**WORK ORDER**
Omit all images, then repeat exactly the lines below from the one containing "- 本年度および前年度の体験入学、高校生デッサンコンクールに参加申込した" through the one containing "Si on clique", both ends included.

Collection entries
————————

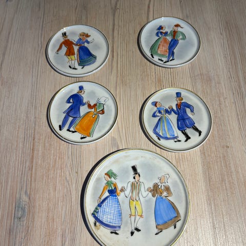 Sæt af 5 håndbemalet B&G platter med motiver af danske folkedansere i regionsdragter. 4 mindre (ca. 9 cm) + 1 større tallerken/underkop (ca. 13 cm). Mærket på bagsiden: Bing & Grøndahl, København, Danmark. Pæn stand med alderssvarende patina.
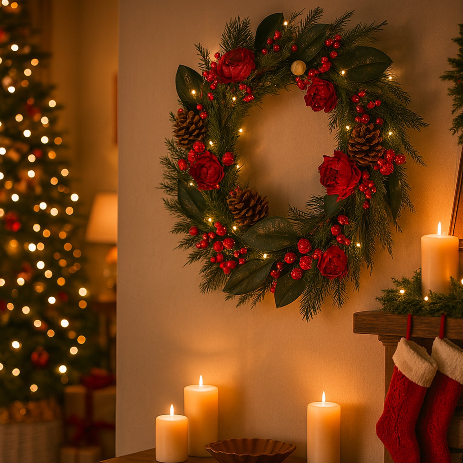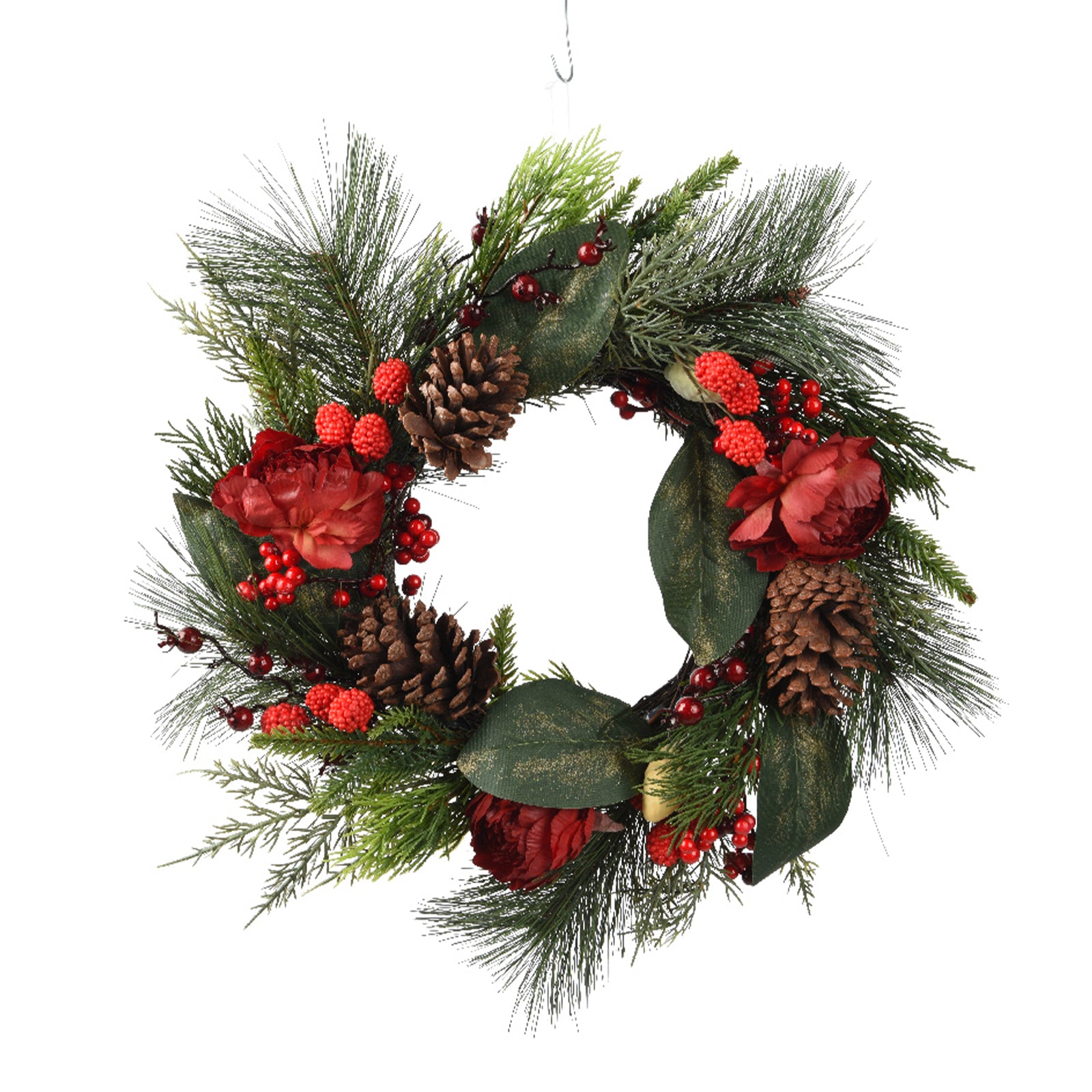 Ghirlanda natalizia con bacche e pigne, decorazione da interno ed esterno per dietro porta da 30 cm
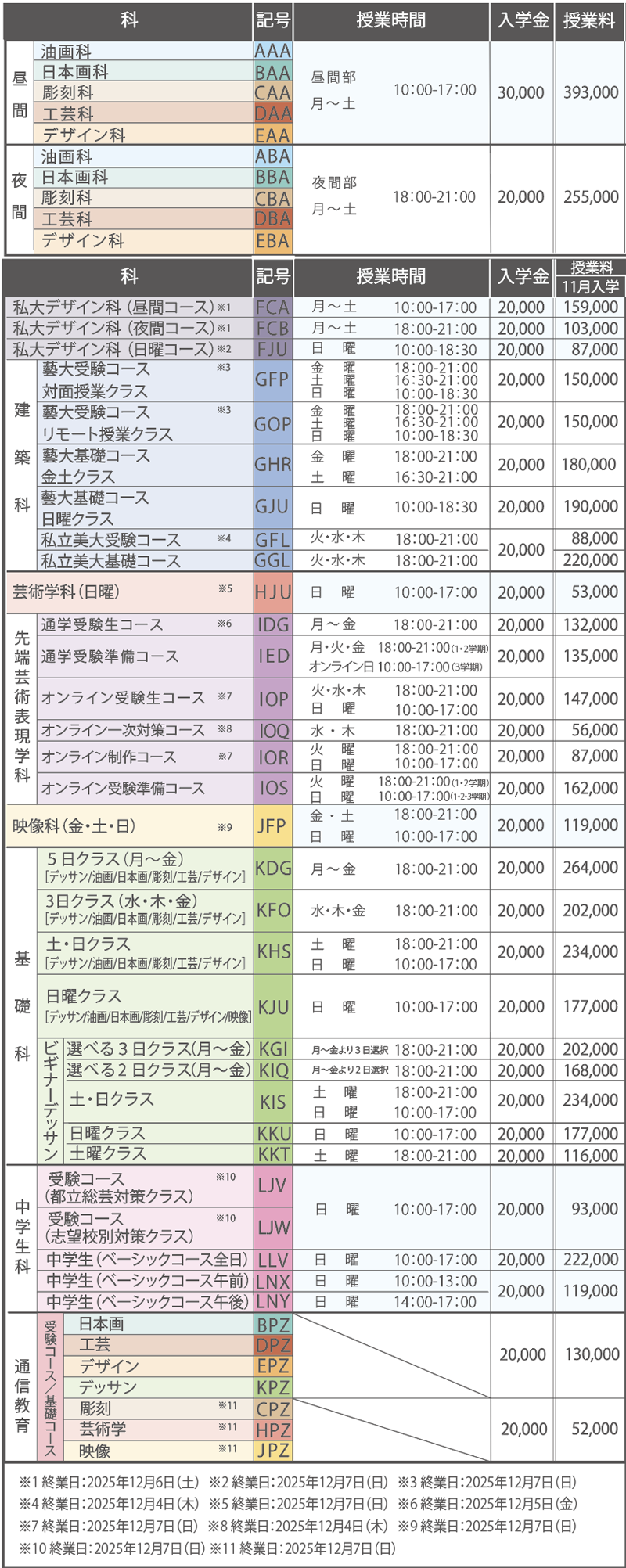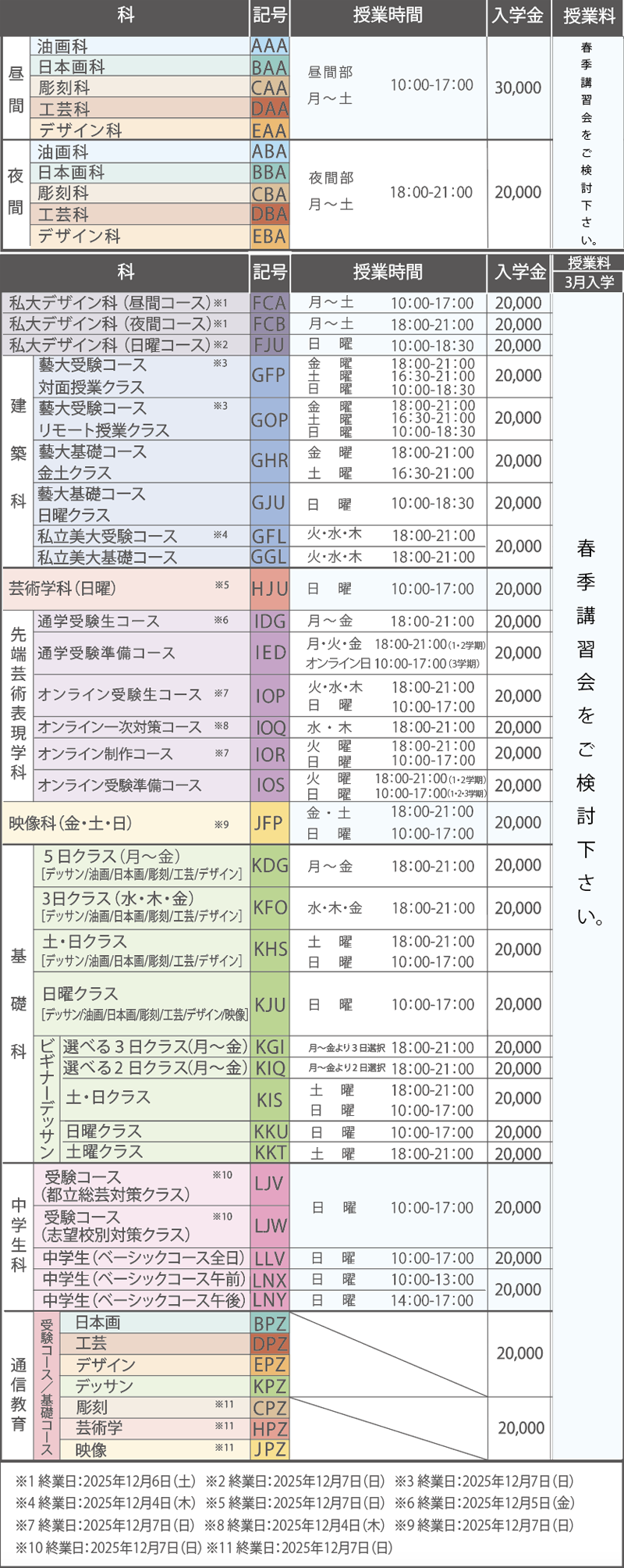 - 本年度および前年度の体験入学、高校生デッサンコンクールに参加申込した
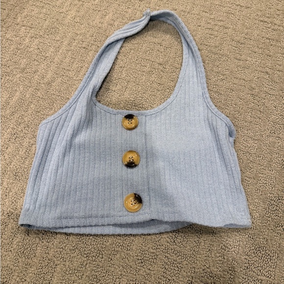 Stylish blue ribbed halter top with button details. Perfect for casual outings.
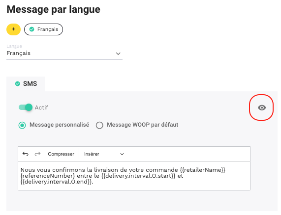 Si on clique sur le petit oeil, nous pouvons visualiser le message à envoyer.
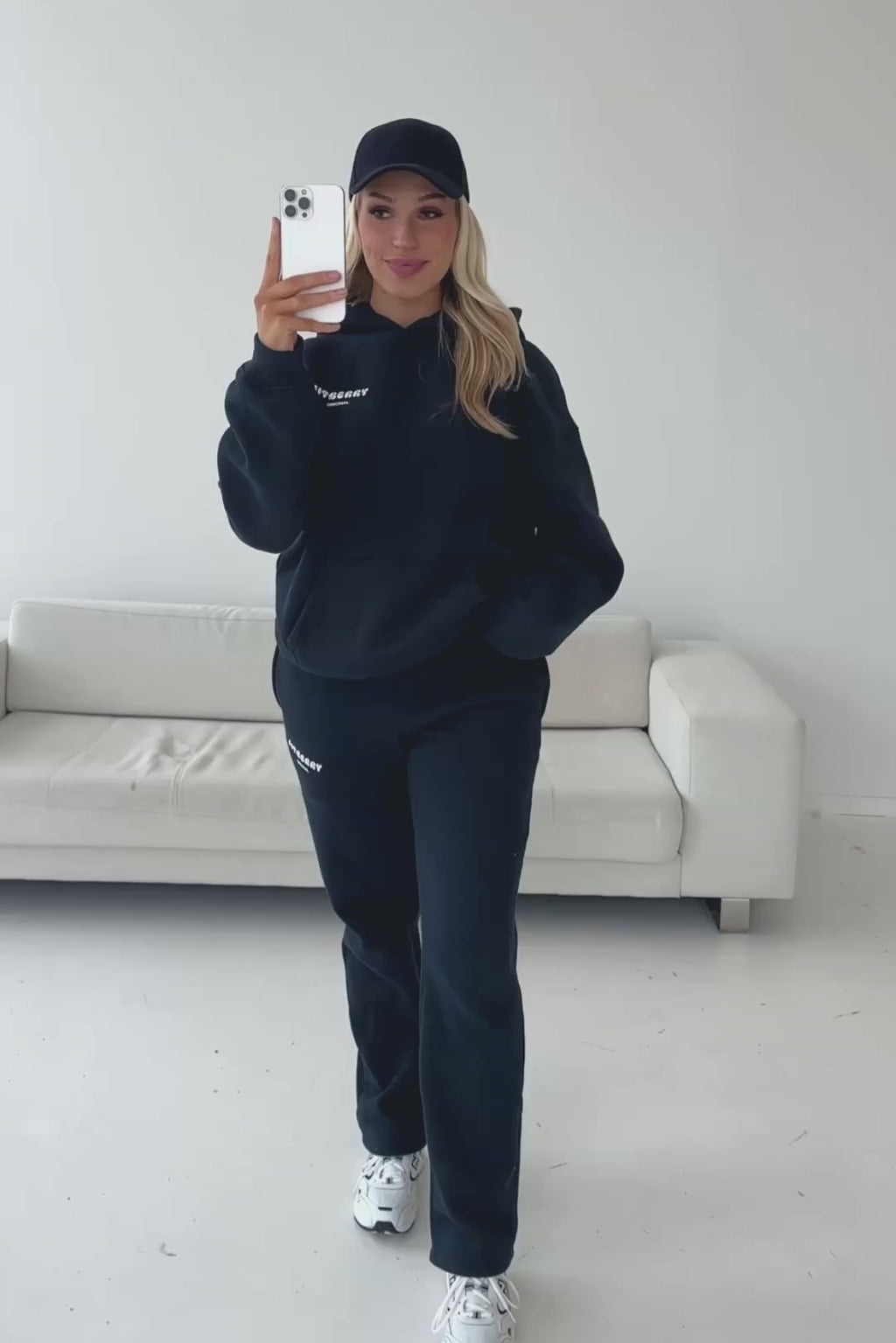 FITBERRY® SPORTY STRAIGHT LEG JOGGERS. Mid-waist joggers with straight leg and the perfect fit. Crafted from a premium high-quality cotton fabric. The straight joggers have soft fleece interior, deep pockets and a hidden adjustable drawstring waist. Featuring our Fitberry Sporty print to front.

————————

**RESPONSE**
 - 本年度および前年度の体験入学、高校生デッサンコンクールに参加申込した
 Stylish blue ribbed halter top with button details. Perfect for casual outings.
 Si on clique sur le petit oeil, nous pouvons visualiser le message à envoyer.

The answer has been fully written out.